■ Given data:

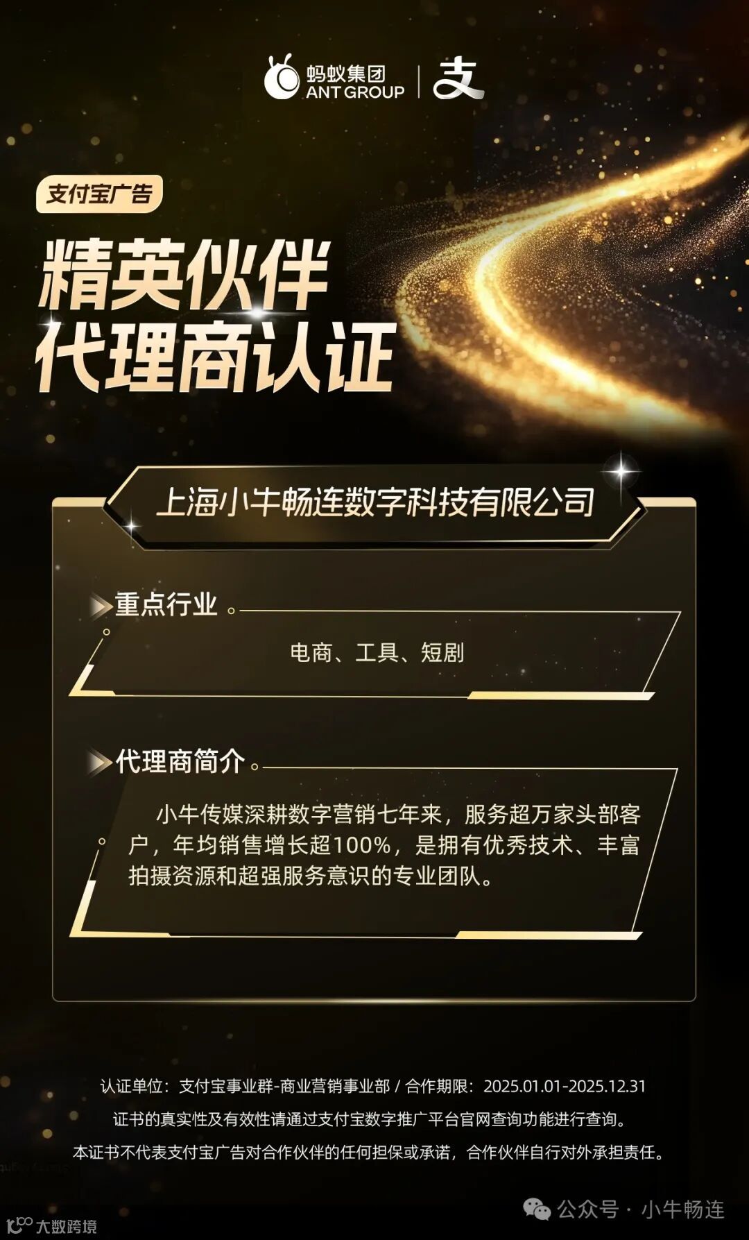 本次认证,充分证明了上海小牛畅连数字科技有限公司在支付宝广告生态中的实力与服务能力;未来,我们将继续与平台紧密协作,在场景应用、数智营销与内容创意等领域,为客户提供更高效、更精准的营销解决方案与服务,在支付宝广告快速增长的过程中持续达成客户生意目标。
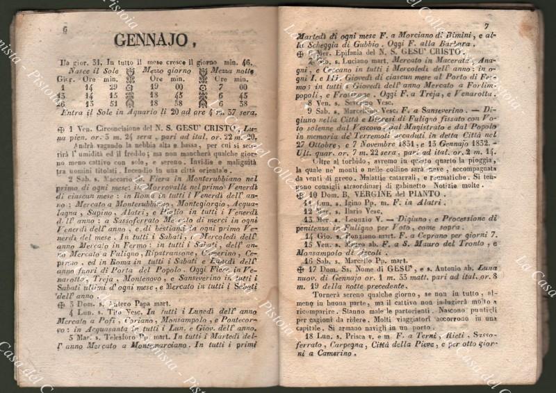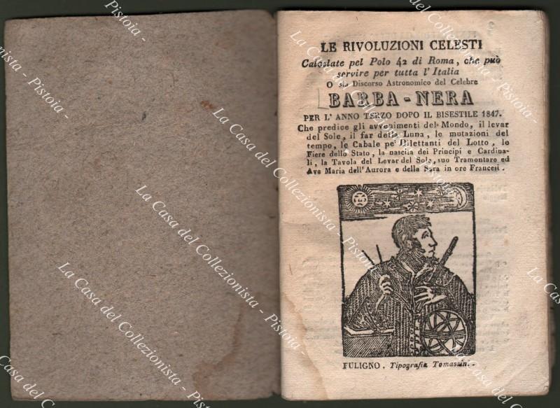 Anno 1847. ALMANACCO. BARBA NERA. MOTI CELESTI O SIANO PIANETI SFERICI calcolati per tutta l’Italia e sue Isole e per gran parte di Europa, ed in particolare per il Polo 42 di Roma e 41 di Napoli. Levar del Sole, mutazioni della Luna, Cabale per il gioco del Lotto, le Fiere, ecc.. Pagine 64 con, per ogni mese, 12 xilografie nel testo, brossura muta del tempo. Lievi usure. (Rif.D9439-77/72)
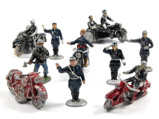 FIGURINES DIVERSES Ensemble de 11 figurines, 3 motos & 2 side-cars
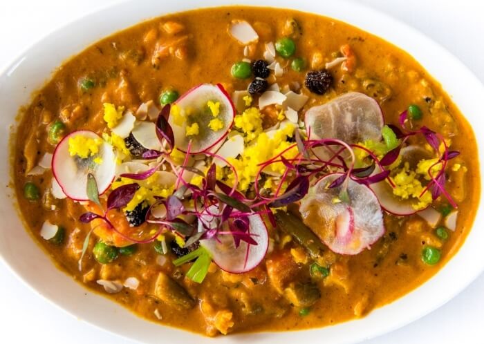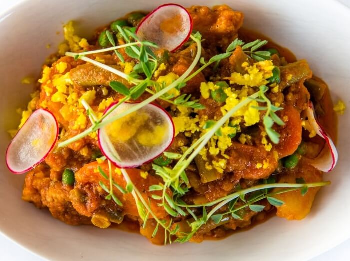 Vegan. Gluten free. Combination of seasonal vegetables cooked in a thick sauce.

■ Aim of the task: Pictures are to be left out; otherwise, retype exactly the lines from the first line of the data through the line containing "FIGURINES DIVERSES Ensemble".

■ Solution for this exercise:
 本次认证,充分证明了上海小牛畅连数字科技有限公司在支付宝广告生态中的实力与服务能力;未来,我们将继续与平台紧密协作,在场景应用、数智营销与内容创意等领域,为客户提供更高效、更精准的营销解决方案与服务,在支付宝广告快速增长的过程中持续达成客户生意目标。
 Anno 1847. ALMANACCO. BARBA NERA. MOTI CELESTI O SIANO PIANETI SFERICI calcolati per tutta l’Italia e sue Isole e per gran parte di Europa, ed in particolare per il Polo 42 di Roma e 41 di Napoli. Levar del Sole, mutazioni della Luna, Cabale per il gioco del Lotto, le Fiere, ecc.. Pagine 64 con, per ogni mese, 12 xilografie nel testo, brossura muta del tempo. Lievi usure. (Rif.D9439-77/72)
 FIGURINES DIVERSES Ensemble de 11 figurines, 3 motos & 2 side-cars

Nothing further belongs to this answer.